(Recorded data)

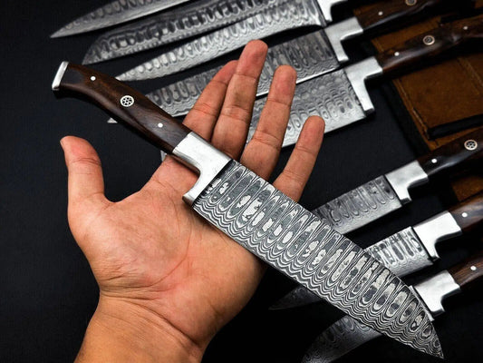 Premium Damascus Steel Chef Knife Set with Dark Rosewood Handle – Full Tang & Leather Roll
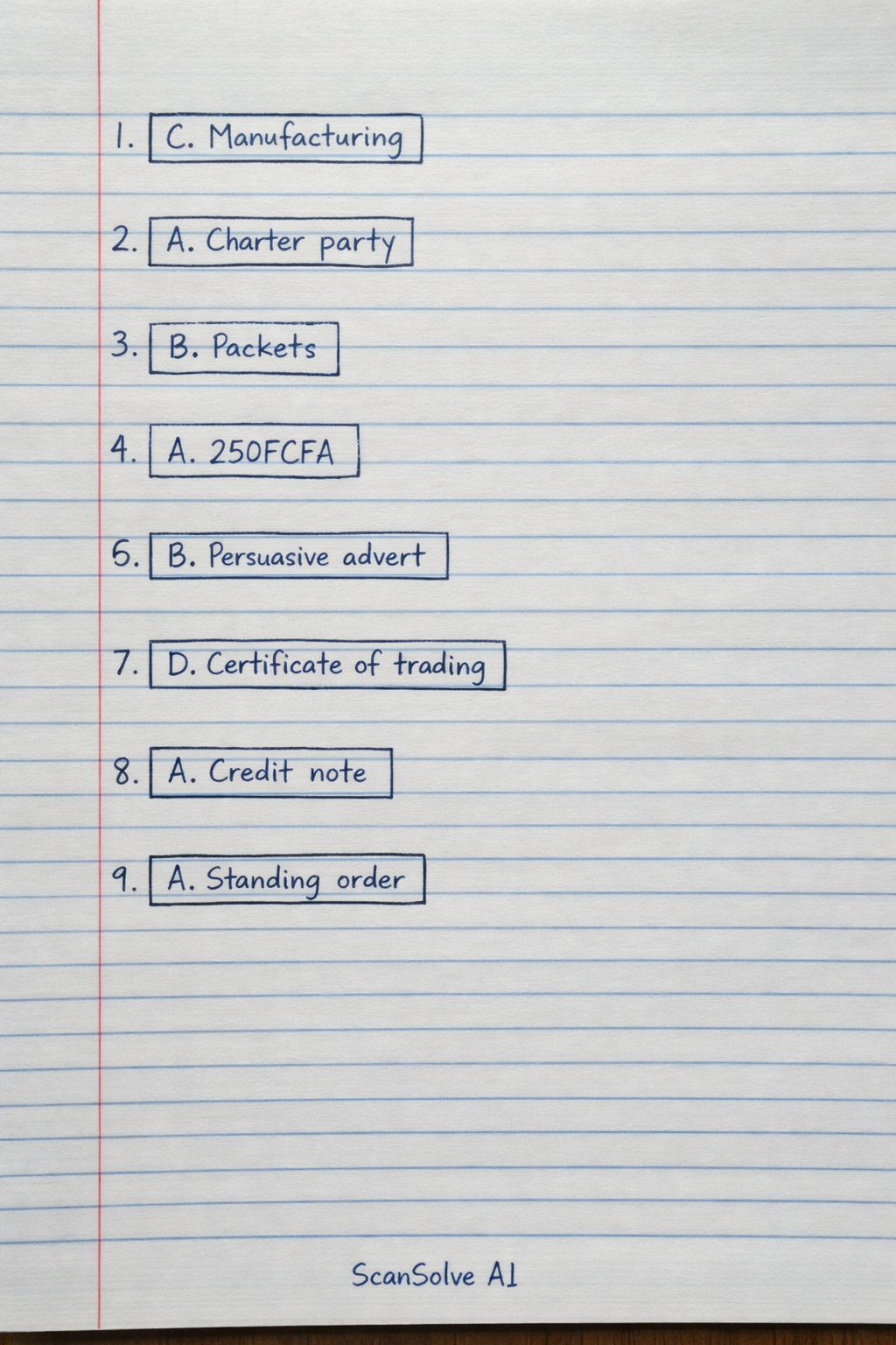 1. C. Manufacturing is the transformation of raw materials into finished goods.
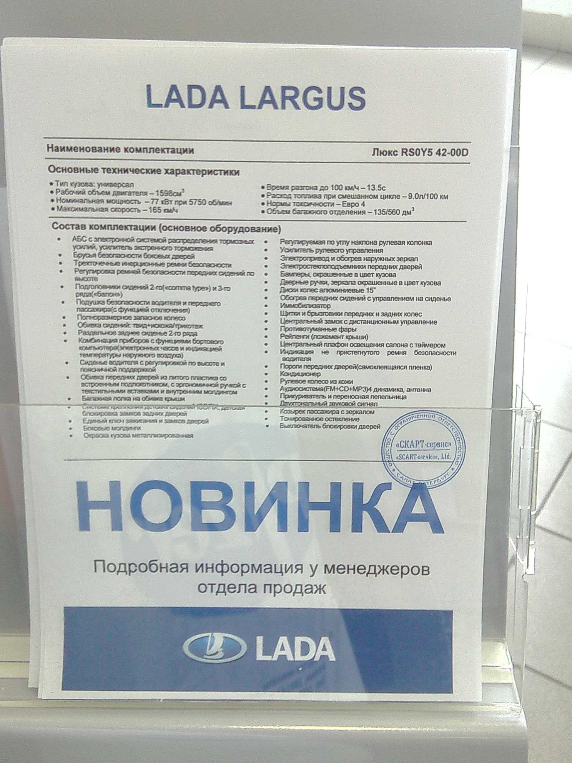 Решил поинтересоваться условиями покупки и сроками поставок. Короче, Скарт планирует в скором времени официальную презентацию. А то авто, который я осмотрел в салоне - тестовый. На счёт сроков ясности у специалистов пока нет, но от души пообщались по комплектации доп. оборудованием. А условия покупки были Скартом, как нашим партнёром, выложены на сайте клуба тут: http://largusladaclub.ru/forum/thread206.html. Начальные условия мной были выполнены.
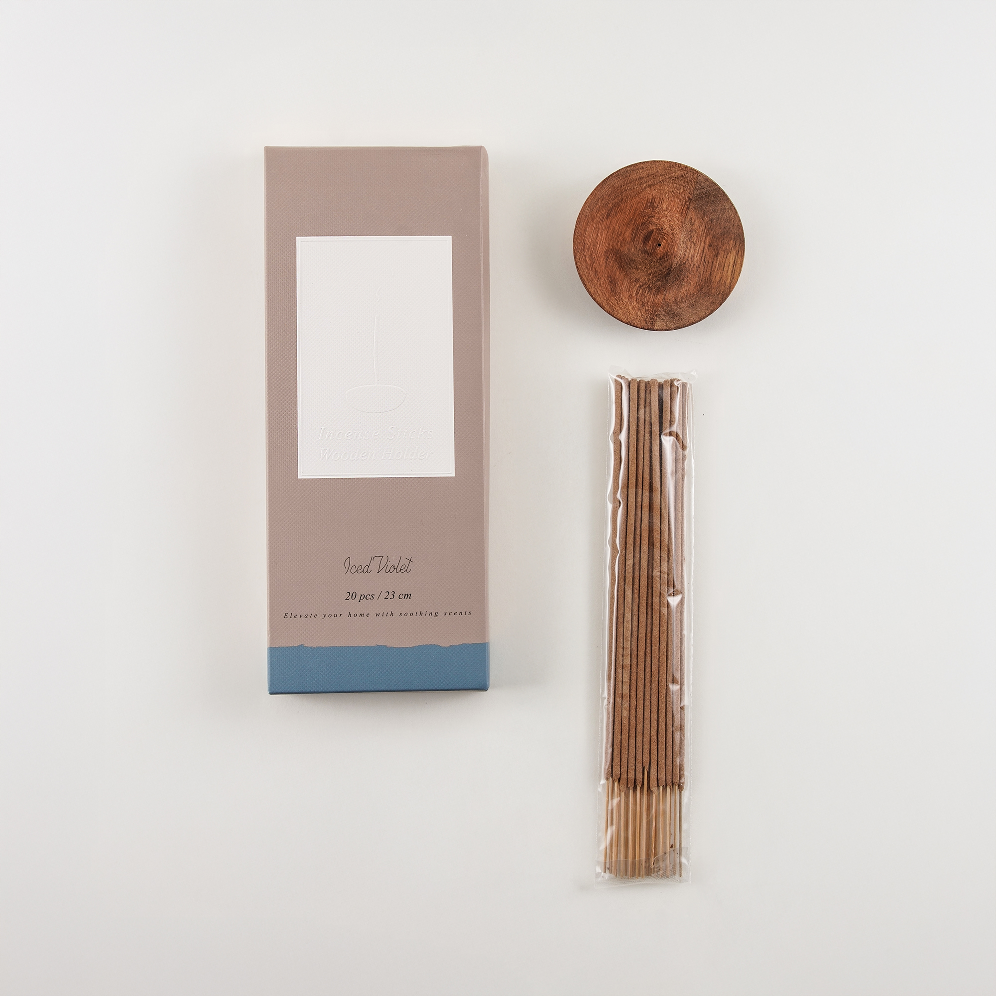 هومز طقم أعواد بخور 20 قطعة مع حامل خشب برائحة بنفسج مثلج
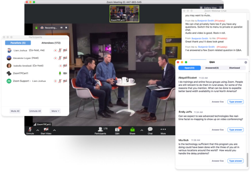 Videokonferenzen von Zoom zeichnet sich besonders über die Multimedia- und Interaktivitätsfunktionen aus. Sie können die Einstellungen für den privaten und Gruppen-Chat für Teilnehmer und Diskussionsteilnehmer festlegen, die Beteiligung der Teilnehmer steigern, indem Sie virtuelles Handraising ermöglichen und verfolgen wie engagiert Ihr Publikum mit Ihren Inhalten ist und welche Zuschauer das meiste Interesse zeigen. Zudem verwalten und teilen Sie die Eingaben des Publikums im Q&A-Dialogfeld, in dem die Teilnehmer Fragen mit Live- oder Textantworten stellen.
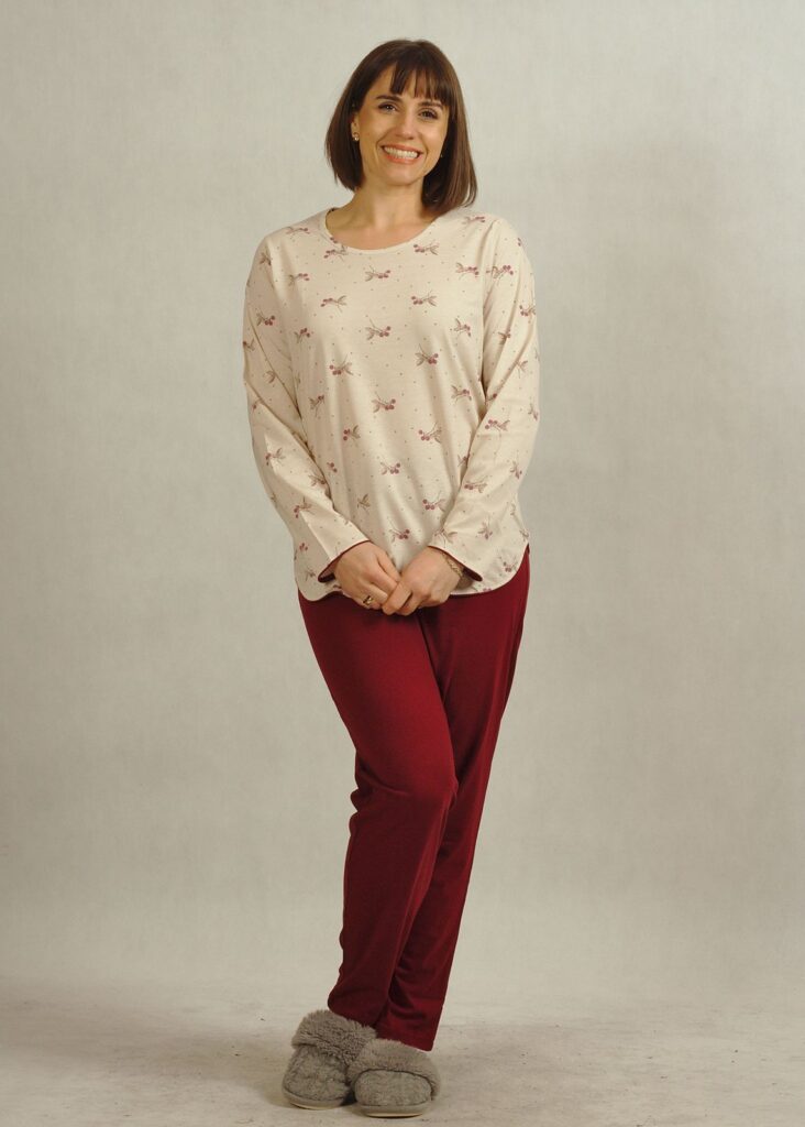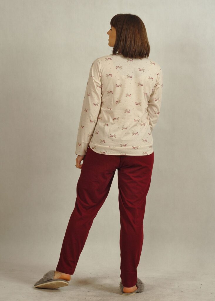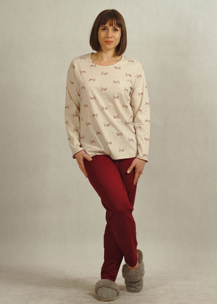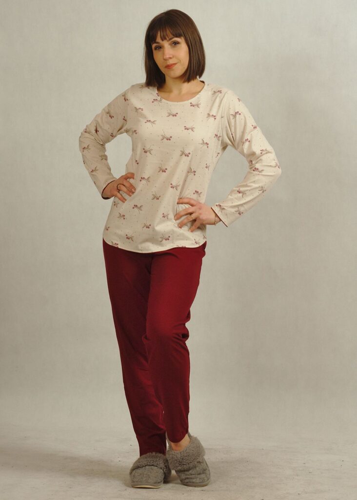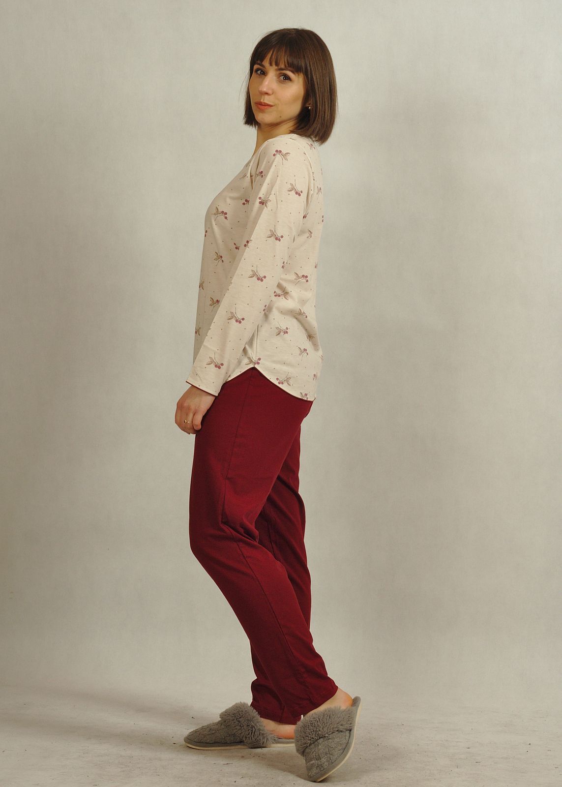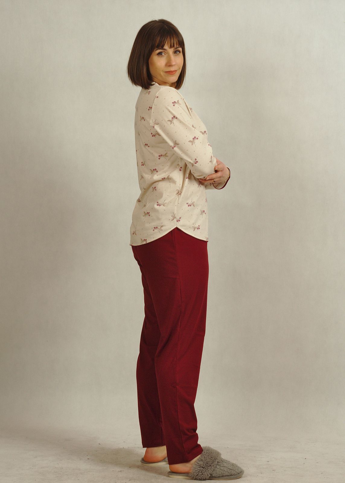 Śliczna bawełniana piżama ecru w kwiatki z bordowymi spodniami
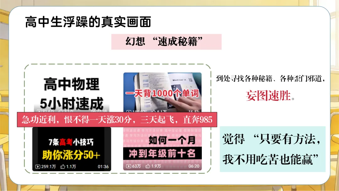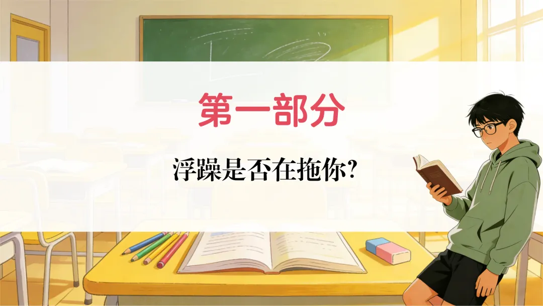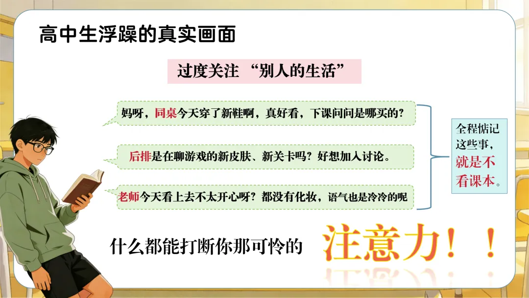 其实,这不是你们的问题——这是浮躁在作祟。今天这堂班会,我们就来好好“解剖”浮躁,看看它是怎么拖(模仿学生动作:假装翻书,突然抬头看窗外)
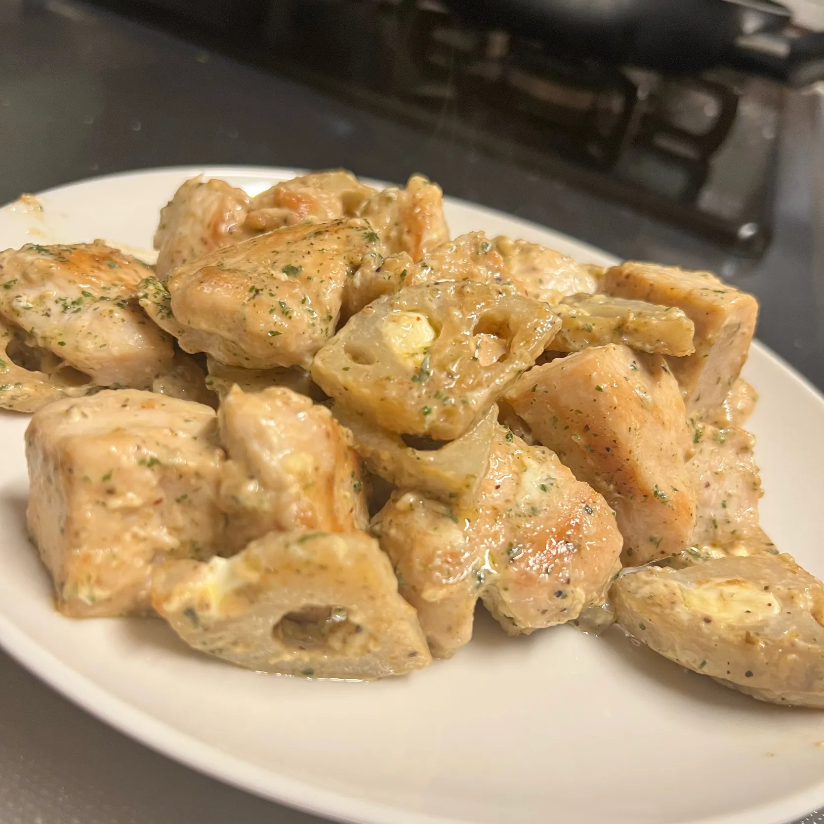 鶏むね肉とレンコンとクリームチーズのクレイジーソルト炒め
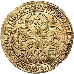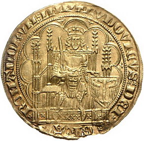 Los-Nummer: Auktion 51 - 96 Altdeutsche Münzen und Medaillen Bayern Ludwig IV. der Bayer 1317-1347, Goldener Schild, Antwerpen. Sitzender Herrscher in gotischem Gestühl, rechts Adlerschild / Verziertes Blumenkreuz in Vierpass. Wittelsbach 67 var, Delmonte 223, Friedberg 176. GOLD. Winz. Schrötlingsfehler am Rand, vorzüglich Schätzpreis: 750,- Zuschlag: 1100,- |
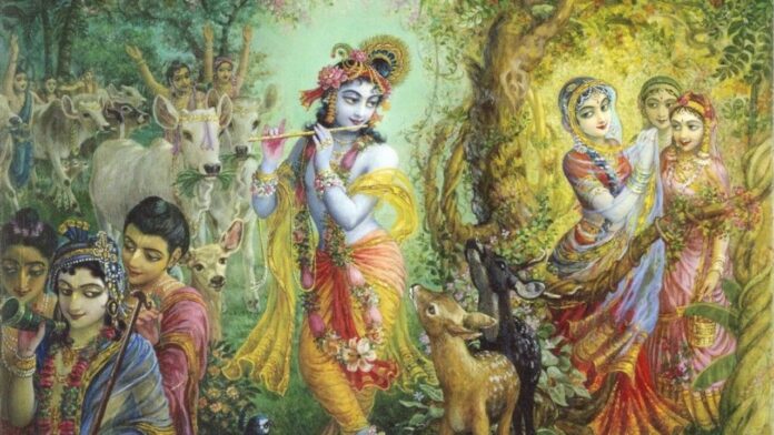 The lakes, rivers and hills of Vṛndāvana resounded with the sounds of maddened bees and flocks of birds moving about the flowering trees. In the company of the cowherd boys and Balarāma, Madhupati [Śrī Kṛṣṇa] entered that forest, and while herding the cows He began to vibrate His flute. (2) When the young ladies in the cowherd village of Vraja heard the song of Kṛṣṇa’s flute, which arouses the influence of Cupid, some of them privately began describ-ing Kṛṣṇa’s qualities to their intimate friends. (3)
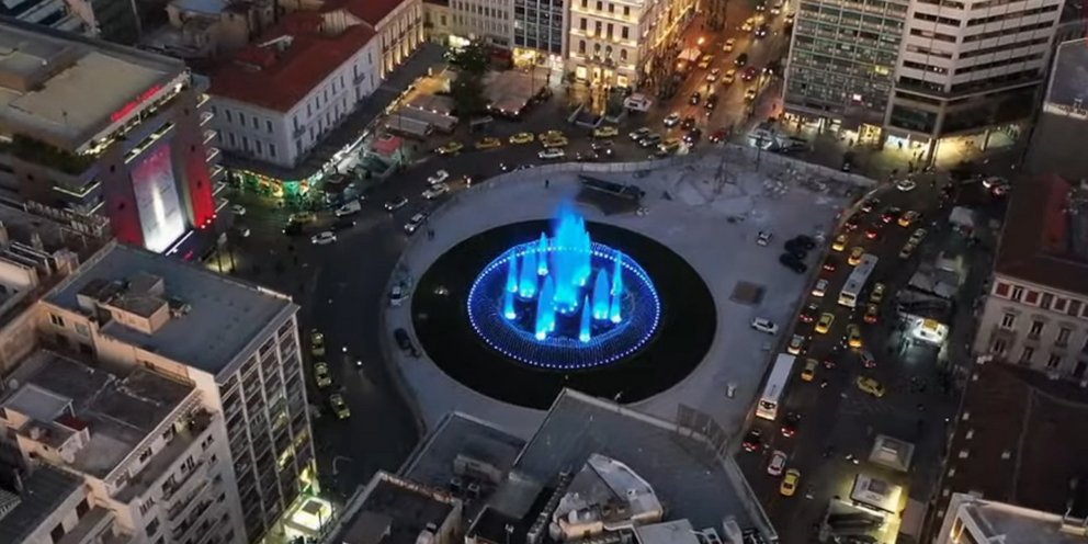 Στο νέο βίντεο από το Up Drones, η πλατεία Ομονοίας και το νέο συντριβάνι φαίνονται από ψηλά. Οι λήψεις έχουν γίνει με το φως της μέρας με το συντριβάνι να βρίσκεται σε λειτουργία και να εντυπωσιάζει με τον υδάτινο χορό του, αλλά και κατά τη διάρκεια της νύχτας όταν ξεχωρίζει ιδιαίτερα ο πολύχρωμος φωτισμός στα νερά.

**THE PROBLEM**
Reproduce the records exactly, starting with their first line and ending with the line that contains "1. C. Manufacturing", though pictures should be dropped.

**FINAL ANSWER**
 Premium Damascus Steel Chef Knife Set with Dark Rosewood Handle – Full Tang & Leather Roll
 1. C. Manufacturing is the transformation of raw materials into finished goods.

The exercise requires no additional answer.